PROBLEM DESCRIPTION |
Nothing but the lines below from the one containing "管理员:首页、个人中心、用户" through the one containing "package com.company.demo01factory;public class" should appear in the answer, exact and without pictures.

EXERCISE DATA |
========================================
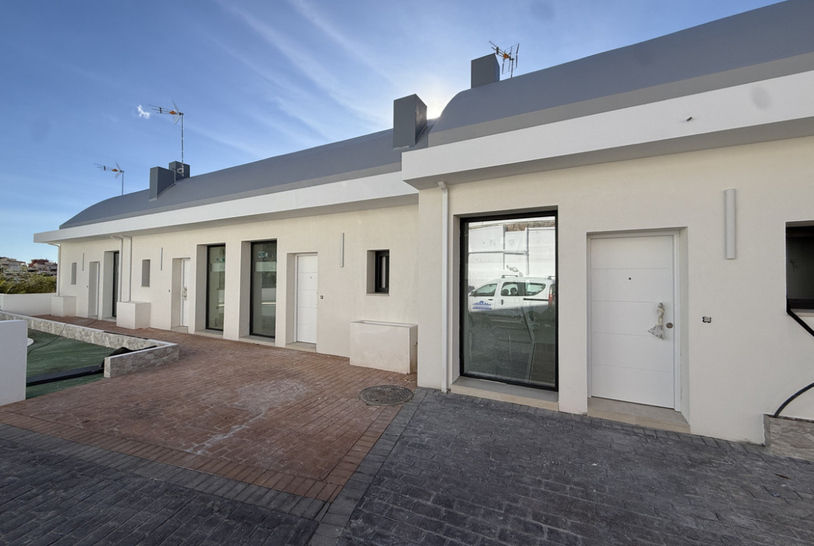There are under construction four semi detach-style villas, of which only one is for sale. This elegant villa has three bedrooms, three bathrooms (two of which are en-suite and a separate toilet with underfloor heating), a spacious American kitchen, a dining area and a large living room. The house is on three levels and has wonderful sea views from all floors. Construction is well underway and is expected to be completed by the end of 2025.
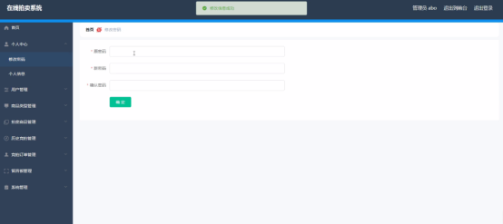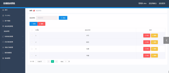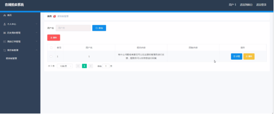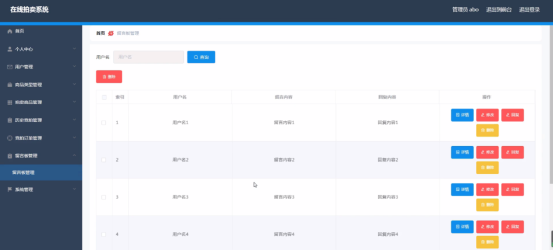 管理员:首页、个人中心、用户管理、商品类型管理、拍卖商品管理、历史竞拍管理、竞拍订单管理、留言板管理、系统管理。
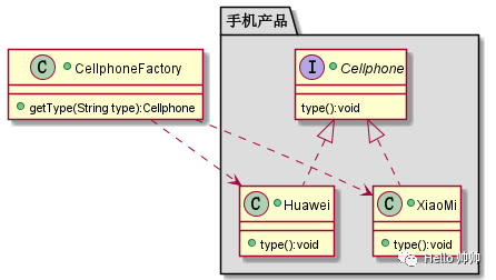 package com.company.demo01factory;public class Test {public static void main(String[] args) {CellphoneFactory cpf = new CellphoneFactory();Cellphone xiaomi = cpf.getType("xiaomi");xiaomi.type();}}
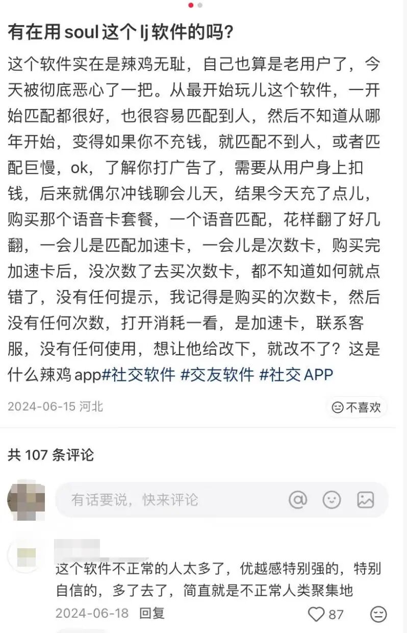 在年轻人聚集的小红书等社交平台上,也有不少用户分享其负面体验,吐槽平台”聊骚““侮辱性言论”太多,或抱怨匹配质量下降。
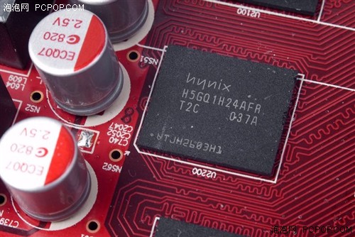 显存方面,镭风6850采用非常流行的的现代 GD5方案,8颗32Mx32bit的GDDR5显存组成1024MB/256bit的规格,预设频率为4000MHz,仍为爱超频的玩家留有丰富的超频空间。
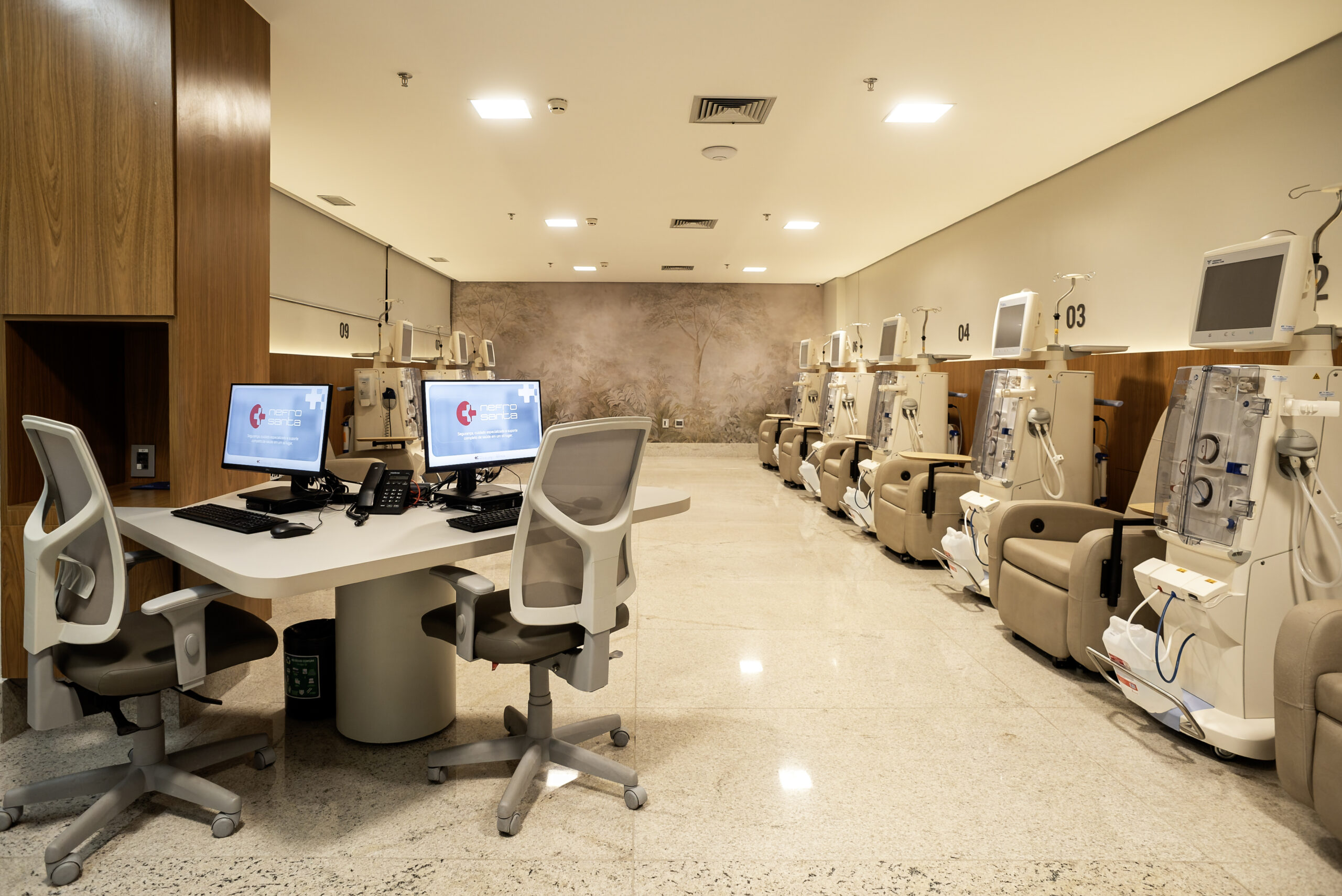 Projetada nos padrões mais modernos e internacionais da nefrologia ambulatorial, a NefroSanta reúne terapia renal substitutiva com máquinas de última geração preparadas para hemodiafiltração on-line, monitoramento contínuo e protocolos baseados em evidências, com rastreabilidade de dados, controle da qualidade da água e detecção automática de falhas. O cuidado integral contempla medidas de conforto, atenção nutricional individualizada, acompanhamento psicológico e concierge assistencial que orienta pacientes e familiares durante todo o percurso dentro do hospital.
========================================
ANSWER TO THIS EXERCISE |
 管理员:首页、个人中心、用户管理、商品类型管理、拍卖商品管理、历史竞拍管理、竞拍订单管理、留言板管理、系统管理。
 package com.company.demo01factory;public class Test {public static void main(String[] args) {CellphoneFactory cpf = new CellphoneFactory();Cellphone xiaomi = cpf.getType("xiaomi");xiaomi.type();}}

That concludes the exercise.